Top of Input data

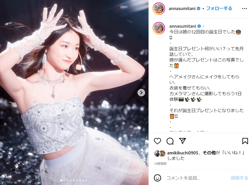 住谷さんは、「誕生日プレゼント何がいい? って先月話していて、娘が選んだプレゼントはこの写真でした ヘアメイクさんにメイクをしてもらい、衣装を着せてもらい、カメラマンさんに撮影してもらう1日体験 それが誕生日プレゼントになりました」と写真を紹介。
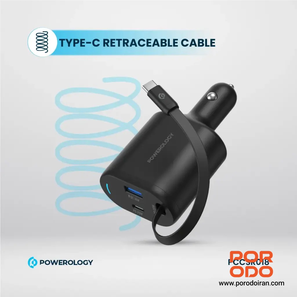 شارژرفندکی 70 وات با کابل تایپ C پاورولوژی مدل PCCSR018
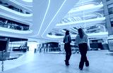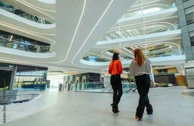 Modern accounting firm lobby with people walking inside

Bottom of Input data

Work item. Write out the listing word for word, omitting the pictures it holds.

Response box.
 住谷さんは、「誕生日プレゼント何がいい? って先月話していて、娘が選んだプレゼントはこの写真でした ヘアメイクさんにメイクをしてもらい、衣装を着せてもらい、カメラマンさんに撮影してもらう1日体験 それが誕生日プレゼントになりました」と写真を紹介。
 شارژرفندکی 70 وات با کابل تایپ C پاورولوژی مدل PCCSR018
 Modern accounting firm lobby with people walking inside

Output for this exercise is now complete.